Task instructions: Up to and including the line that holds "Part of Finnland-Karte", print the data exactly from its first line; do not print the pictures.

Input data:
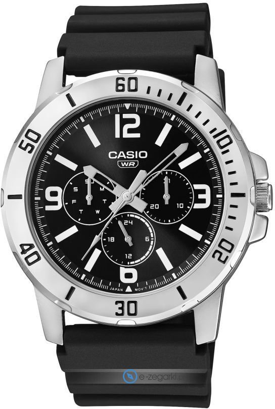 Zegarek męski MTP-VD300-1B marki Casio należy do rodziny Casio Standard Analogue. Ciekawą konstrukcję zegarka osiągnięto dzięki tarczy w kolorze czarnym. Zegarek ten prezentuje aktualny czas w formacie analogowym dzięki czemu odczyt jest bardzo łatwy. Koperta jest w kolorze srebrnym szeroka jest na 49 mm oraz ma grubość 49 mm - w kształcie okrągłym.
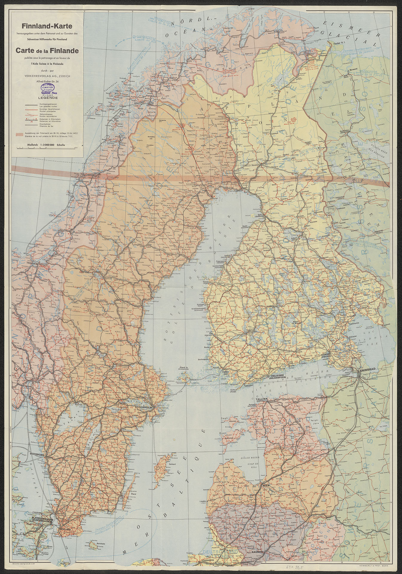 Part of Finnland-Karte herausgegeben unter dem Patronat und zu Gunsten des Schweizer Hilfswerks für Finnland 1:2 000 000
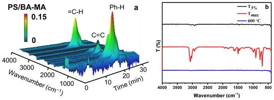 In contrast, the peak positions of PS/BA-MA02 mainly include 3070 cm−1 olefinic bond and the stretching vibration peak of CH on the benzene ring, the C=C stretching vibration peak at 1640 cm−1, and the out-of-plane bending vibration peak of benzene ring CH at 750 cm−1. The relative absorption peaks of BA-MA degradation products were not obvious. This shows that, in the process of thermal degradation of PS/BA-MA02, the typical thermal degradation behavior of PS is dominant. Compared with the TG-IR spectrum of pure PS, the relative intensities of each absorption peak of PS/BA-MA02 are reduced, indicating that the introduction of BA-MA can effectively inhibit the thermal degradation of PS.
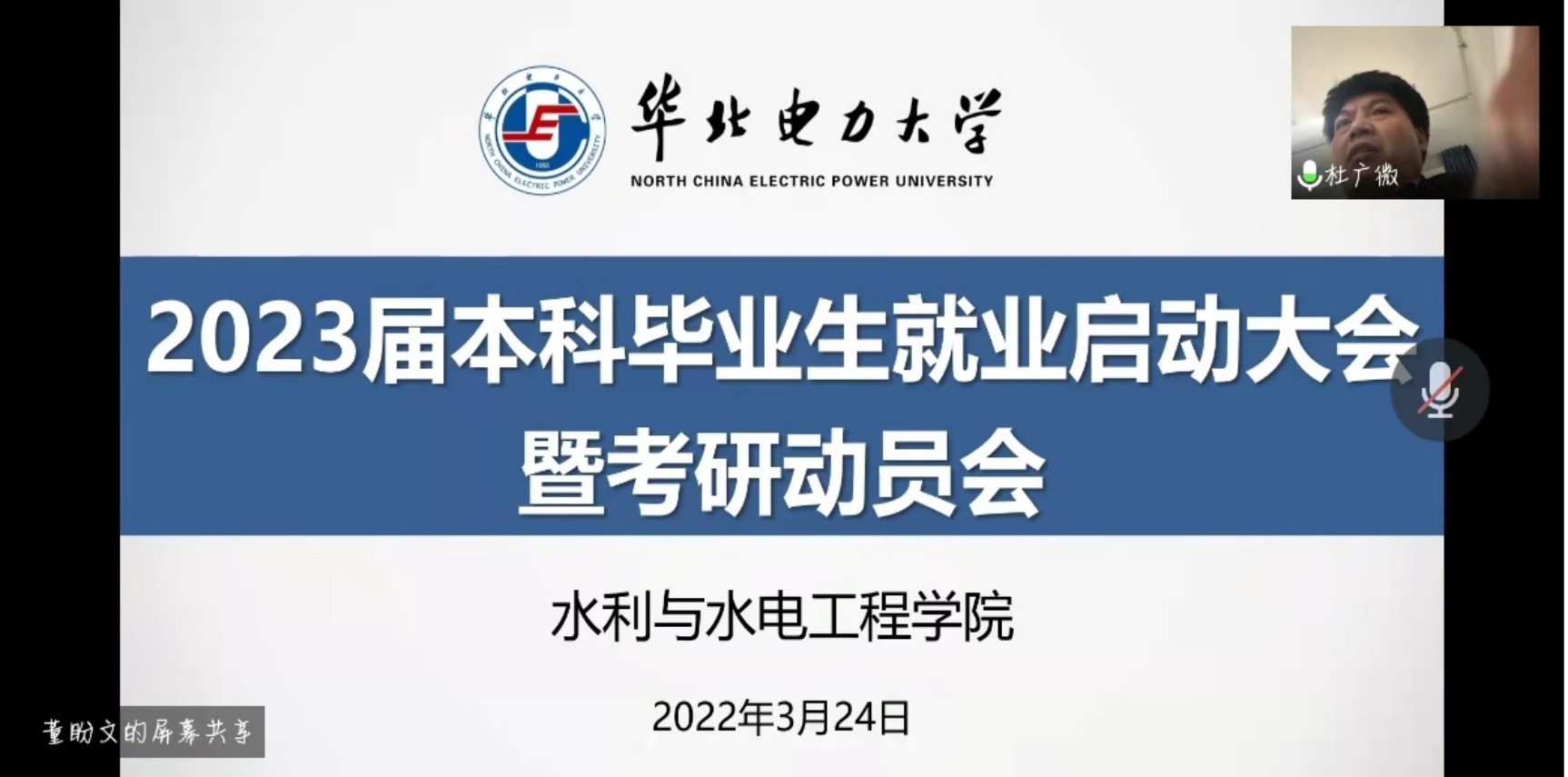 3月24日中午,水利与水电工程学院线上召开了2023届本科毕业生就业启动大会暨考研动员会,学院副院长(主持工作)张尚弘、党委副书记杜广微出席大会,学院2023届本科毕业生参加会议,会议由学院团委书记宋辉斐主持。

Output of the exercise:
 Zegarek męski MTP-VD300-1B marki Casio należy do rodziny Casio Standard Analogue. Ciekawą konstrukcję zegarka osiągnięto dzięki tarczy w kolorze czarnym. Zegarek ten prezentuje aktualny czas w formacie analogowym dzięki czemu odczyt jest bardzo łatwy. Koperta jest w kolorze srebrnym szeroka jest na 49 mm oraz ma grubość 49 mm - w kształcie okrągłym.
 Part of Finnland-Karte herausgegeben unter dem Patronat und zu Gunsten des Schweizer Hilfswerks für Finnland 1:2 000 000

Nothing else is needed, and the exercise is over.